Main author: Manisha Prajapati
Institution or Company: University of Iceland
Co-Authors, Institution or Company:
François Paquet-Durand, Institute for Ophthalmic Research, University of Tübingen. Gustav Christensen2, Institute for Ophthalmic Research, University of Tübingen. Thorsteinn Loftsson, University of Iceland.
Introduction: Cyclodextrins (CDs) are widely used as pharmaceutical excipients for formulation purposes. In recent times, studies have shown that CDs can form complexes with cholesterol. This has paved the way for using CDs as drugs in retinal diseases like Stargardt disease and retinal artery occlusion, where CDs could absorb cholesterol lumps. But, studies on the retinal toxicity of CDs are limited. The purpose of this study was to examine the retinal toxicity of different βCD derivatives and their localization within the retinal tissues.
Methods: We performed cytotoxicity studies with HPβCD and RMβCD, using wild-type mouse retinal explants, the TUNEL assay, and confocal microscopy.

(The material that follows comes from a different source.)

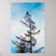 A photograph of an American Bald Eagle perched atop a tall Pine Tree. A blue sky with misty clouds are in the background. Traces of sunlight and snow can be found on the tree and it's branches.

Results: RMβCD was found to be more toxic to retinal explants compared to HPβCD. Studies done with fluorescent forms of the same CDs showed that both CDs can penetrate deep into the inner nuclear layer of the retina, with some uptake by Müller cells.
Conclusions: The retina could safely tolerate as high as 10mM HPβCD. The results suggest that HPβCD is a safer option than RMβCD for retinal drug delivery and may advance the use of CDs in development of drugs designed for intravitreal administration.